Don’t fret. A little analytics and creativity will not only get you flush with ideas once again but also these ideas will be exactly what your readers want.
Identify your top posts
Google Analytics is your friend. While you can request anecdotal evidence from the field, it’s best not to rely solely on hearsay. Data is what you want, so seek it out.
So, log on to your Analytics account. Your goal today is to find your 30 most-viewed posts since you first started blogging. Found them? Good.
These are the posts – better to think of them as themes – that you’ll focus your content efforts on for the next year. Feels good to have some direction, doesn’t it?
Go deep, creatively
Now that you know your top 30 posts, it’s time to sharpen your focus on the top 10.
How can you add depth to these topics? Write down everything you can think of, from the ideas that need a little more explaining to anything on the periphery of this theme that could add value.
While refreshing content is a good start (even your tried-and-true content may not be as evergreen as you think), we’re talking about supporting content, educational content, engaging content, inspiring content, content that looks good, content that gets people thinking, content that builds your authority, and the list goes on.
Think infographics, surveys, whitepapers, more blog posts, newsletter articles, brochures, microsites and social campaigns. These are the tactics you’ll use to go deeper on your chosen themes.
Once you’ve worked through your top 10, start on your remaining 20.
Three quick examples
Let’s say your top three posts are “Saving for a comfortable retirement,” “What do I do with an inheritance?” and “Rethinking investing for Millennials.”

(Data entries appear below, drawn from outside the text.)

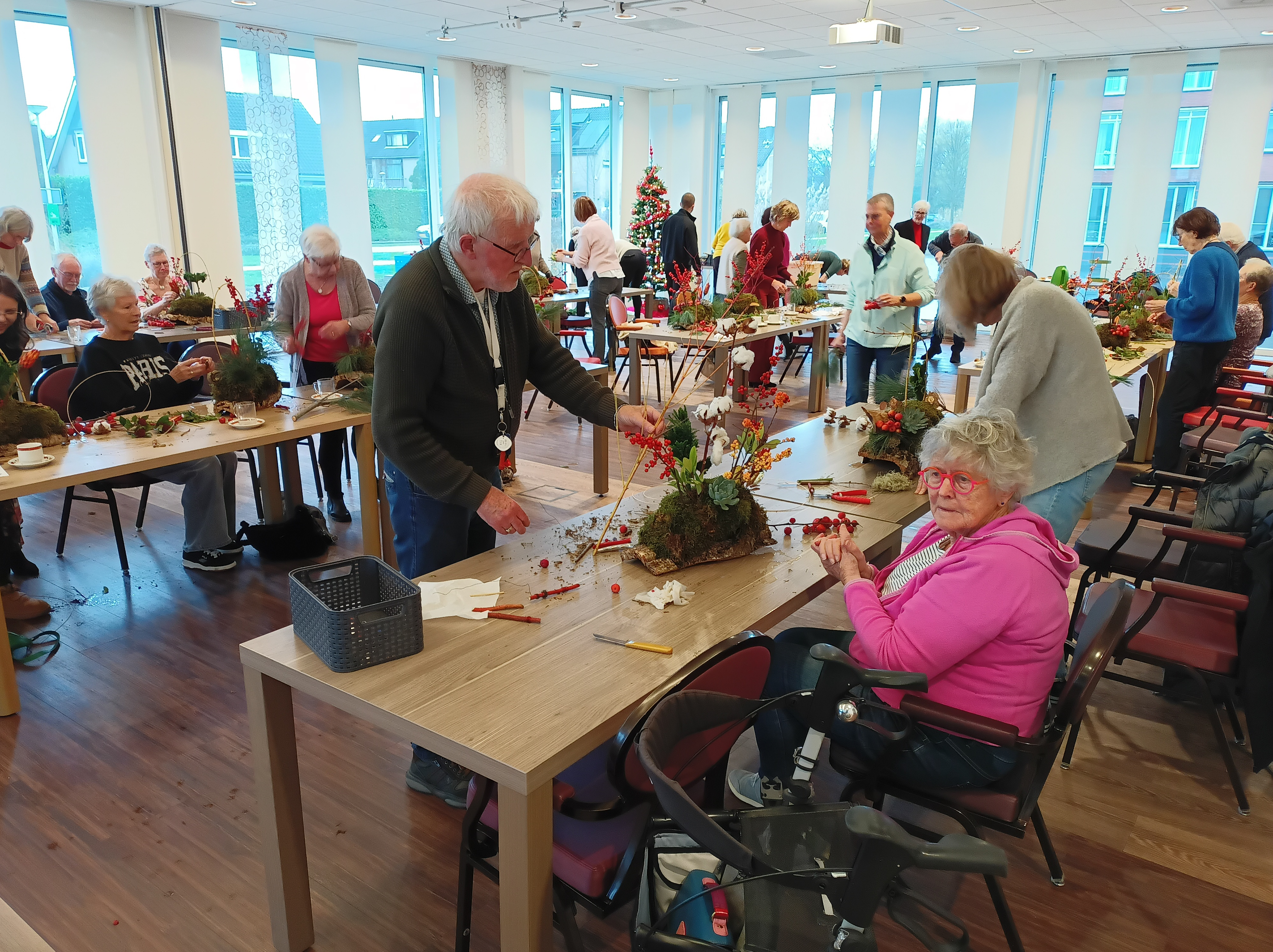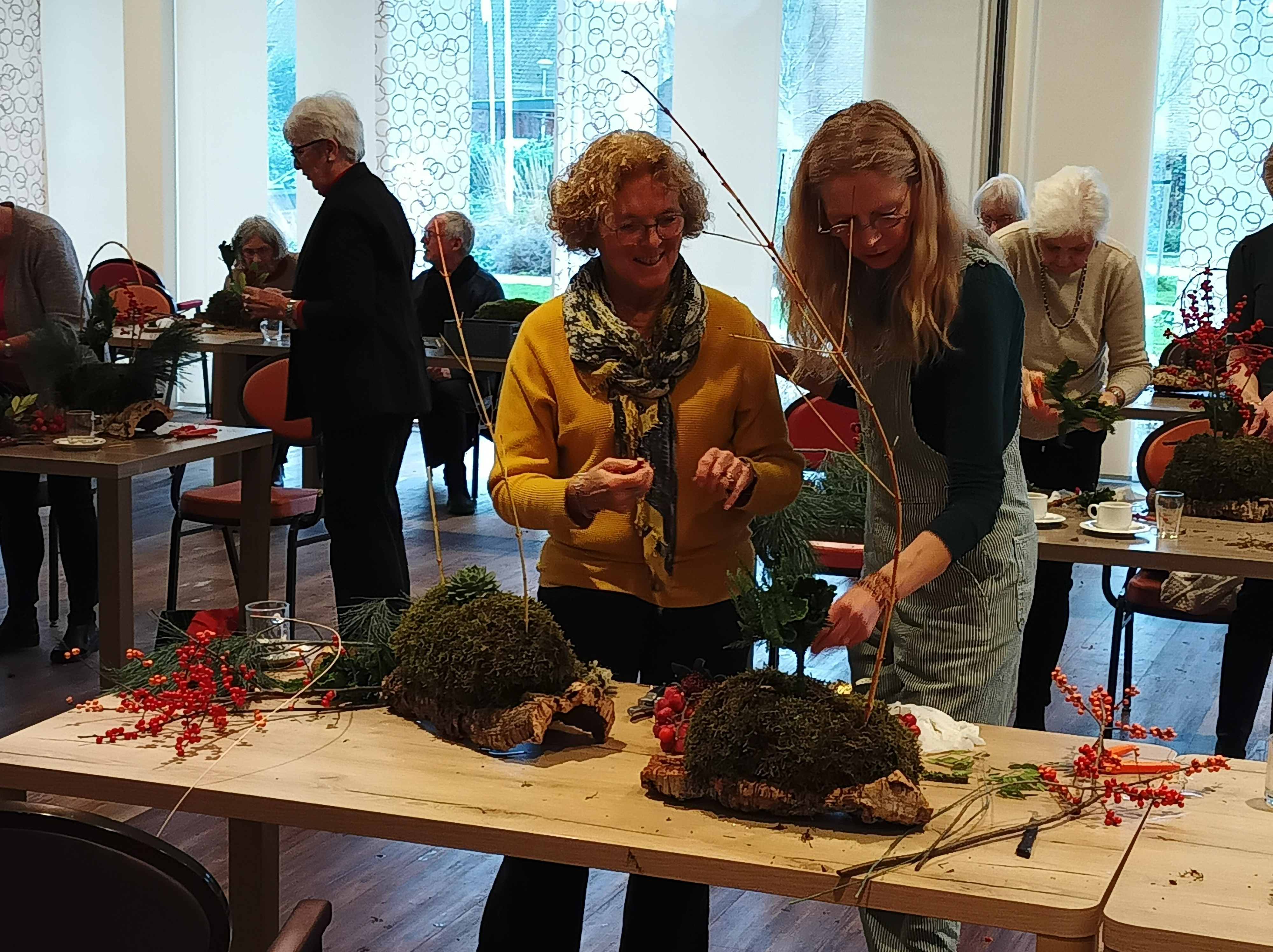 Na bijna twee uur werken leek de bekende zaal een ravage van lekwater, takjes en “verloren besjes”. Maar vele handen maken licht werk en toen iedereen trots met zijn/haar creatie naar huis ging, was de zaal weer als vanouds. Het rook er alleen nog heerlijk naar dennengroen!
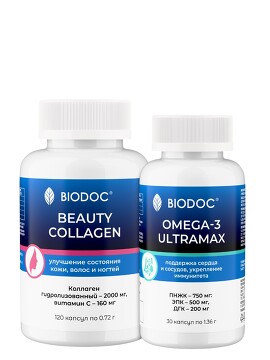 Набор БАД (Beauty Collagen 120 капсул и Omega 3 Ultramax 30 капсул) Biodoc
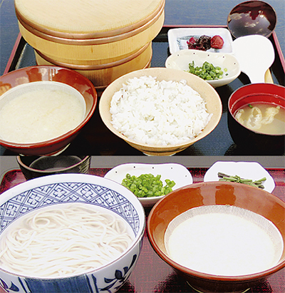 こだわりの麦飯や自家打ち(五分打ち)の中細麺でコシの強さが自慢のそばも、とろろ汁の味わいを引き立てる。たっぷりかけて楽しんでほしい。
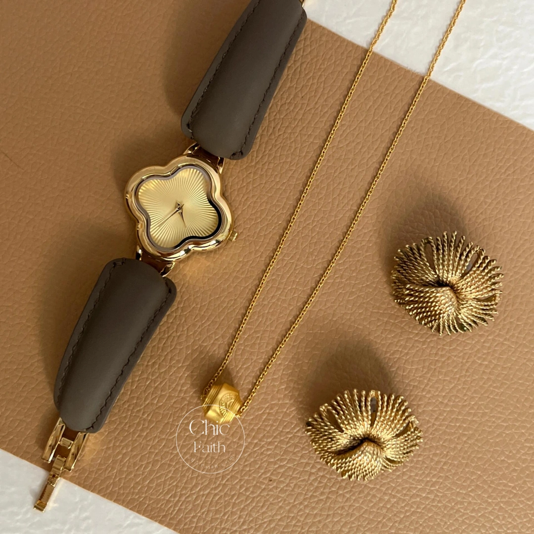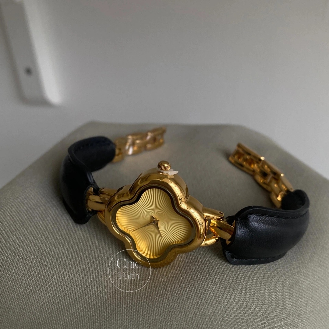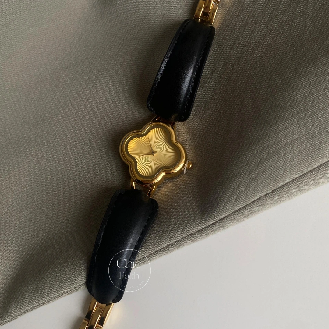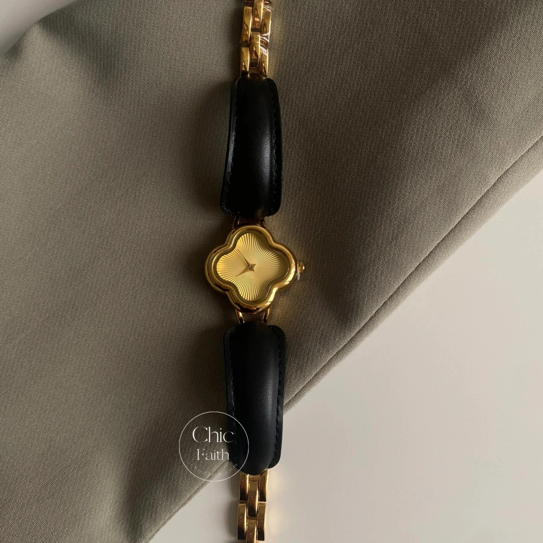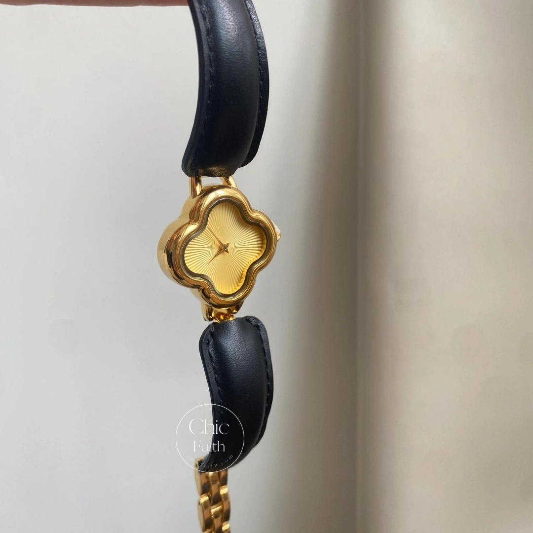 Elevate your everyday elegance with this clover-shaped women’s watch, featuring a deep black dial encased in a luxurious gold-tone frame. The unique four clover case adds a touch of artistic flair, while the burgundy leather strap and gold chain bracelet offer a refined contrast—blending softness and strength.

“Saving for a comfortable retirement” could benefit from a calculator that helps explain the power of compounding over the long term.
“What do I do with an inheritance?” might reach a bigger audience if it was backed up with stat … or, better yet, a handful of stats found in a great looking infographic.
“Rethinking investing for Millennials” may need an infographic too, but it would also benefit from a series of supporting blog posts that tackle (and provide solutions to) the financial challenges that younger people face every day.
Repeat the process
Let’s look a year into the future. You’ve added depth to your top 30 posts. Now identify your top posts once again but, this time, focus on your top 20. Explore ways that you can go even deeper on these themes.
Why are you doing this? You’re expanding your content and you’re refining your content. As time goes on, you’ll see that your focus is narrowing – and this is a good thing. This razor sharp focus is on themes that your readers want.